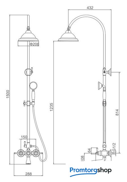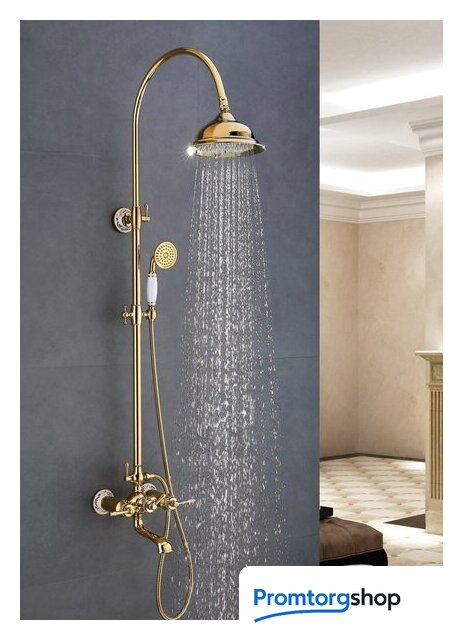 | Комплектация | верхний душ, штанга, ручной душ (лейка), держатель лейки, шланг, смеситель, излив для ванны |
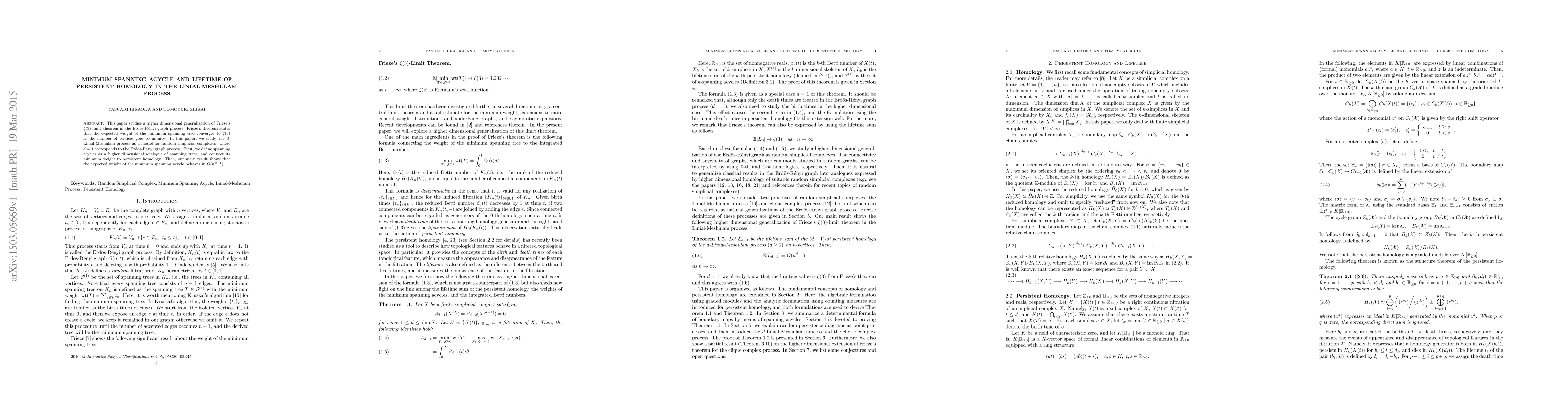 This paper studies a higher dimensional generalization of Frieze's $\zeta(3)$-limit theorem in the Erd\"os-R\'enyi graph process. Frieze's theorem states that the expected weight of the minimum spanning tree converges to $\zeta(3)$ as the number of vertices goes to infinity. In this paper, we study the $d$-Linial-Meshulam process as a model for random simplicial complexes, where $d=1$ corresponds to the Erd\"os-R\'enyi graph process. First, we define spanning acycles as a higher dimensional analogue of spanning trees, and connect its minimum weight to persistent homology. Then, our main result shows that the expected weight of the minimum spanning acycle behaves in $O(n^{d-1})$.
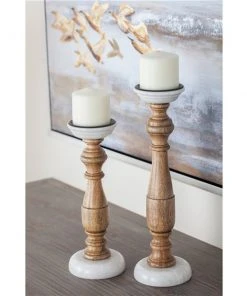 Grayson Lane 2 Candle Brown Wood Pillar Contemporary Candle Holder – Set of 2
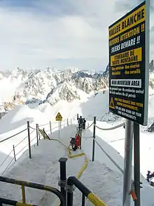 - 🌍 Vallée Blanche cable car (Télécabine Panoramic Mont-Blanc, Funivia dei Ghiacciai). Starting from Aiguille du Midi at 3778 m, the first section runs to Gros Rognon at 3536 m. This is just a technical station where the cable takes a corner, and you can't get out. The second section is near-level over the Glacier du Géant, to Punta Helbronner at 3466 m on the border with Italy. This is the cable car that stranded 110 people, some overnight, in Sep 2016; it's also the one that a French military jet tried to fly beneath in 1961, and took out three cars. Return from Chamonix adult €92, child & senior €78.
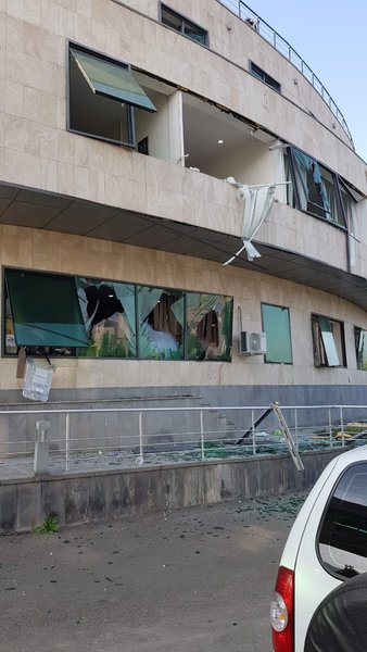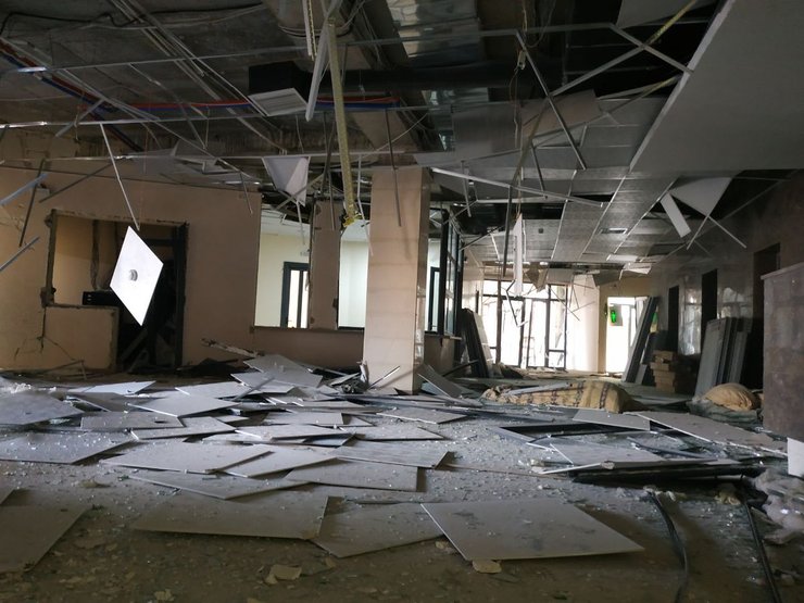 "ВС Азербайджана сбросили авиабомбу на Республиканскую больницу в Степанакерте, прямо на здание роддома", – отметил Пегов у себя на канале днем в среду и опубликовал снимки с места событий:
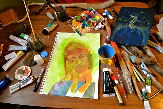 Almut showed her gratitude for the artist residency by leaving behind several of the artworks she finished during her stay, some abstract portraits and painted driftwood that was instrumental in her rediscovering her artistic inspiration. Rongo guests will be able to see her work and that of many other resident artists on display in the gallery at Rongo Backpackers.
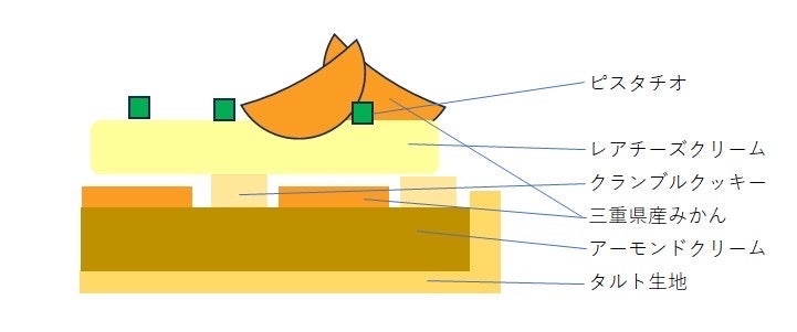 タルト生地に三重県産みかんを皮ごと使用し焼き上げ、口当たりの軽いチーズクリームをたっぷり絞りフレッシュみかんで飾りつけました。
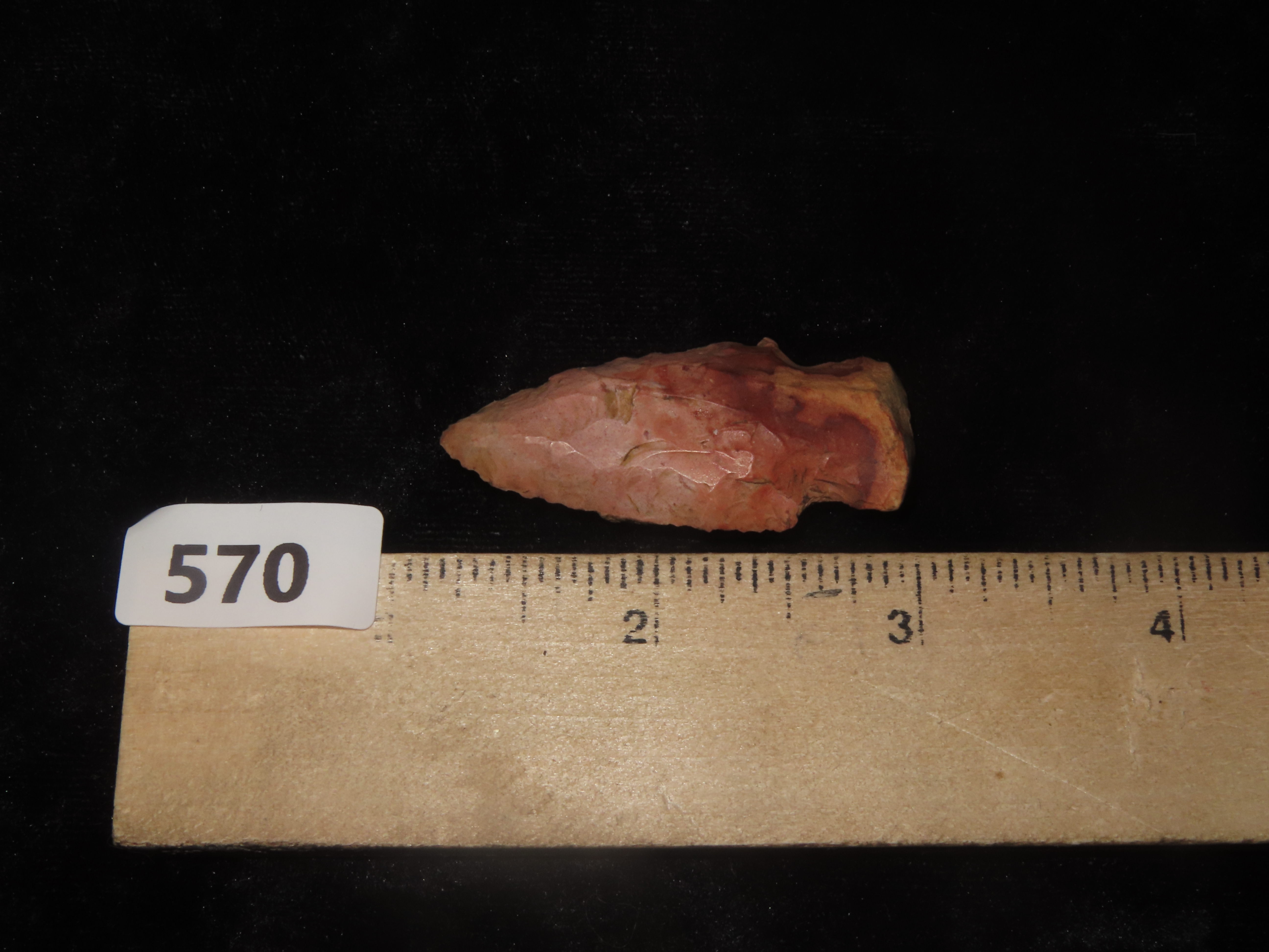 1 3/4″ Very Colorful Hardin, Likely Creek Stained, Native American Arrowhead
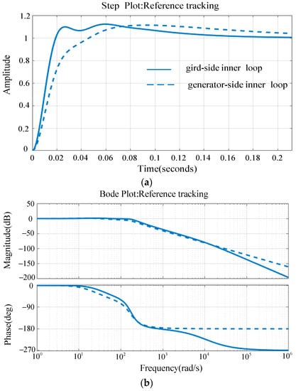 Although the DC-link voltage control outer loop interconnect with both the grid-side d-axis current control loop and the generator-side converter q-axis current control loop, the two currents are not really connected to the DC-link voltage outer loop at the same time. Only the grid-side d-axis current references reach the upper limit; the generator-side q-axis current attend to the DC-link voltage control. Then, the outer DC-link PI controller design needs to consider the grid-side inner loop or generator-side inner loop, respectively, and obtains the parameters with the trade-off of the two different inner loops. Fortunately, the dynamic characteristics of the grid-side inner loop and generator-side inner loop are similar if carefully tuned with the PI controller parameters; then it is not difficult to get the DC-link outer loop control parameters. Given that the frequency domain index approximates the bandwidth = 50 dB and the phase margin = 50°, the DC-link voltage PI control parameters are obtained and shown in Table 1. The Bode plots and step response curves of the simplified systems with different inner current loops are shown in Figure 5.
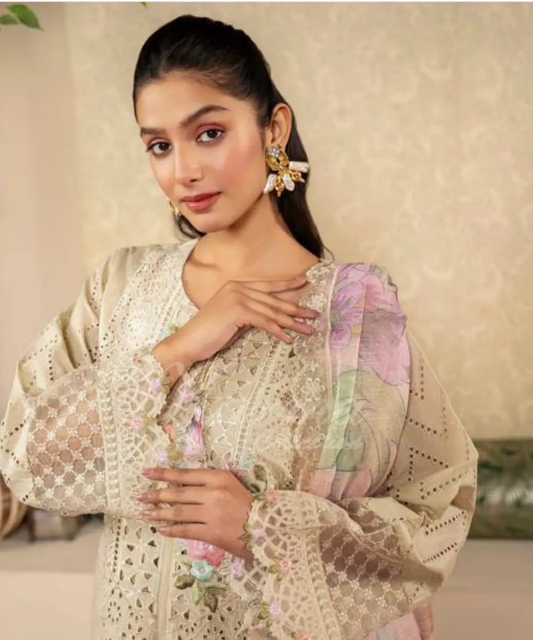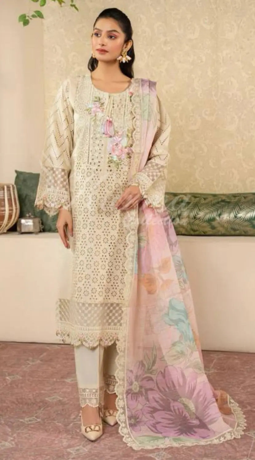 KARMA ‘Kayseria Vol 2’ | Embroidered Cotton Readymade | KC-1421 (Cream)
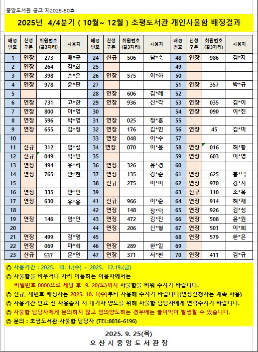 2025년 4/4분기(10~12월) 초평도서관 개인사물함 배정결과
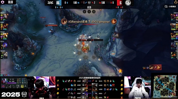 [26:30]野区遭遇,iG打出1换5团灭JDG,从中路一波结束首局比赛!
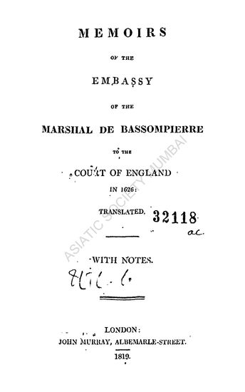 Memoirs of the Embassy of the Marshal de Bassompierre to the Court of England in 1626
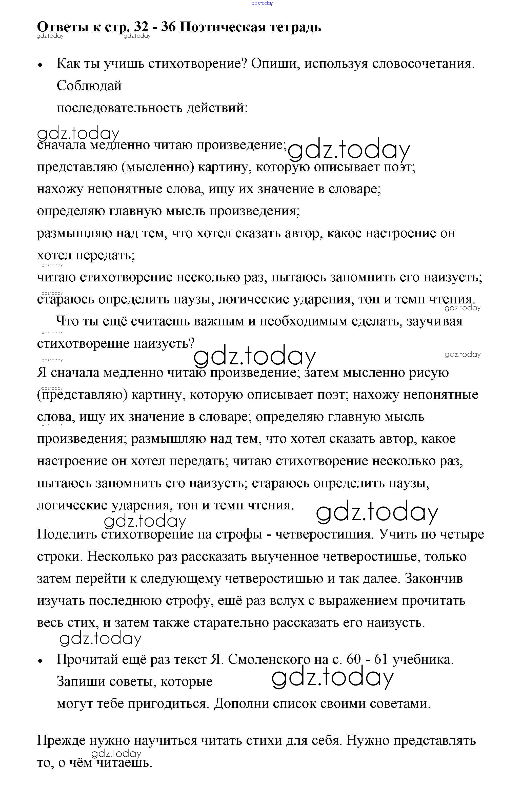 На страницах сайта gdz.today вы найдете учебный и вспомогательный материал, направленный на улучшения знаний школьной программы. ГДЗ - онлайн мир знаний Страницы (решение) 32-36 Рабочей тетради по Литературному чтению для 3 класса Бойкина, Виноградская Просвещение Школа России 2018

____

▶ _Prompt_
Give the listing again exactly, minus its images.

▶ _Response area_
 | Комплектация | верхний душ, штанга, ручной душ (лейка), держатель лейки, шланг, смеситель, излив для ванны |
 This paper studies a higher dimensional generalization of Frieze's $\zeta(3)$-limit theorem in the Erd\"os-R\'enyi graph process. Frieze's theorem states that the expected weight of the minimum spanning tree converges to $\zeta(3)$ as the number of vertices goes to infinity. In this paper, we study the $d$-Linial-Meshulam process as a model for random simplicial complexes, where $d=1$ corresponds to the Erd\"os-R\'enyi graph process. First, we define spanning acycles as a higher dimensional analogue of spanning trees, and connect its minimum weight to persistent homology. Then, our main result shows that the expected weight of the minimum spanning acycle behaves in $O(n^{d-1})$.
 Grayson Lane 2 Candle Brown Wood Pillar Contemporary Candle Holder – Set of 2
 - 🌍 Vallée Blanche cable car (Télécabine Panoramic Mont-Blanc, Funivia dei Ghiacciai). Starting from Aiguille du Midi at 3778 m, the first section runs to Gros Rognon at 3536 m. This is just a technical station where the cable takes a corner, and you can't get out. The second section is near-level over the Glacier du Géant, to Punta Helbronner at 3466 m on the border with Italy. This is the cable car that stranded 110 people, some overnight, in Sep 2016; it's also the one that a French military jet tried to fly beneath in 1961, and took out three cars. Return from Chamonix adult €92, child & senior €78.
 "ВС Азербайджана сбросили авиабомбу на Республиканскую больницу в Степанакерте, прямо на здание роддома", – отметил Пегов у себя на канале днем в среду и опубликовал снимки с места событий:
 Almut showed her gratitude for the artist residency by leaving behind several of the artworks she finished during her stay, some abstract portraits and painted driftwood that was instrumental in her rediscovering her artistic inspiration. Rongo guests will be able to see her work and that of many other resident artists on display in the gallery at Rongo Backpackers.
 タルト生地に三重県産みかんを皮ごと使用し焼き上げ、口当たりの軽いチーズクリームをたっぷり絞りフレッシュみかんで飾りつけました。
 1 3/4″ Very Colorful Hardin, Likely Creek Stained, Native American Arrowhead
 Although the DC-link voltage control outer loop interconnect with both the grid-side d-axis current control loop and the generator-side converter q-axis current control loop, the two currents are not really connected to the DC-link voltage outer loop at the same time. Only the grid-side d-axis current references reach the upper limit; the generator-side q-axis current attend to the DC-link voltage control. Then, the outer DC-link PI controller design needs to consider the grid-side inner loop or generator-side inner loop, respectively, and obtains the parameters with the trade-off of the two different inner loops. Fortunately, the dynamic characteristics of the grid-side inner loop and generator-side inner loop are similar if carefully tuned with the PI controller parameters; then it is not difficult to get the DC-link outer loop control parameters. Given that the frequency domain index approximates the bandwidth = 50 dB and the phase margin = 50°, the DC-link voltage PI control parameters are obtained and shown in Table 1. The Bode plots and step response curves of the simplified systems with different inner current loops are shown in Figure 5.
 KARMA ‘Kayseria Vol 2’ | Embroidered Cotton Readymade | KC-1421 (Cream)
 2025년 4/4분기(10~12월) 초평도서관 개인사물함 배정결과
 [26:30]野区遭遇,iG打出1换5团灭JDG,从中路一波结束首局比赛!
 Memoirs of the Embassy of the Marshal de Bassompierre to the Court of England in 1626
 На страницах сайта gdz.today вы найдете учебный и вспомогательный материал, направленный на улучшения знаний школьной программы. ГДЗ - онлайн мир знаний Страницы (решение) 32-36 Рабочей тетради по Литературному чтению для 3 класса Бойкина, Виноградская Просвещение Школа России 2018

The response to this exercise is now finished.